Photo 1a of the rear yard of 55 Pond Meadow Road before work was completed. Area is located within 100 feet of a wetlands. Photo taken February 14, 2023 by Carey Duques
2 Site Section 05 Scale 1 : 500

----------

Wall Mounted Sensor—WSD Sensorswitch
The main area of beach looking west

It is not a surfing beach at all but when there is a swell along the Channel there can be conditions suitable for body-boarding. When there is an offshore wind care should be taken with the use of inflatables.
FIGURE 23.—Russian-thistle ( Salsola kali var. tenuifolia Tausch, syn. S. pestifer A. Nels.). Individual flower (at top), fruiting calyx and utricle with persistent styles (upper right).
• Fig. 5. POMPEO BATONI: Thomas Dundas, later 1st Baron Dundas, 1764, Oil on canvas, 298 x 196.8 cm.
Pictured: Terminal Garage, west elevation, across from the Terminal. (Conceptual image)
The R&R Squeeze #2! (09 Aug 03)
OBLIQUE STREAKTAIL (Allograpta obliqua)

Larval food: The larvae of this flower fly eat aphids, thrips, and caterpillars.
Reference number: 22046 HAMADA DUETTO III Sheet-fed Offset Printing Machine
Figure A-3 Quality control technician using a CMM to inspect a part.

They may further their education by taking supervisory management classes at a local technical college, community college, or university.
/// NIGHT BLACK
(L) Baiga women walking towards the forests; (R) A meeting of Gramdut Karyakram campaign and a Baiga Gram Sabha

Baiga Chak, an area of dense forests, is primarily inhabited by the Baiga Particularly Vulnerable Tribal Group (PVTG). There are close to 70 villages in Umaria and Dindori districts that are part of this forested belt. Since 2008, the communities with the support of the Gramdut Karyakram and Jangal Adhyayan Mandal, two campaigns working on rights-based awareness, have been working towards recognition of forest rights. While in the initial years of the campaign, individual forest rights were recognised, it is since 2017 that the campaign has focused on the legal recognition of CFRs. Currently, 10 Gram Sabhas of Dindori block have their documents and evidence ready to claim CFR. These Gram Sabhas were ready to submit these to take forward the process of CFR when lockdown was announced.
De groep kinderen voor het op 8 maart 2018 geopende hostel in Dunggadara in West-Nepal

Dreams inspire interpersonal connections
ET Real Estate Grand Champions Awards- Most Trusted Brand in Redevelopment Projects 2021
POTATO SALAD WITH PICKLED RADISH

----------

Would you print, exactly as written, every line above from the one holding "They may further" through the one holding "POTATO SALAD WITH PICKLED RADISH", with both included and no other lines?

> Solution below:
They may further their education by taking supervisory management classes at a local technical college, community college, or university.
/// NIGHT BLACK
(L) Baiga women walking towards the forests; (R) A meeting of Gramdut Karyakram campaign and a Baiga Gram Sabha

Baiga Chak, an area of dense forests, is primarily inhabited by the Baiga Particularly Vulnerable Tribal Group (PVTG). There are close to 70 villages in Umaria and Dindori districts that are part of this forested belt. Since 2008, the communities with the support of the Gramdut Karyakram and Jangal Adhyayan Mandal, two campaigns working on rights-based awareness, have been working towards recognition of forest rights. While in the initial years of the campaign, individual forest rights were recognised, it is since 2017 that the campaign has focused on the legal recognition of CFRs. Currently, 10 Gram Sabhas of Dindori block have their documents and evidence ready to claim CFR. These Gram Sabhas were ready to submit these to take forward the process of CFR when lockdown was announced.
De groep kinderen voor het op 8 maart 2018 geopende hostel in Dunggadara in West-Nepal

Dreams inspire interpersonal connections
ET Real Estate Grand Champions Awards- Most Trusted Brand in Redevelopment Projects 2021
POTATO SALAD WITH PICKLED RADISH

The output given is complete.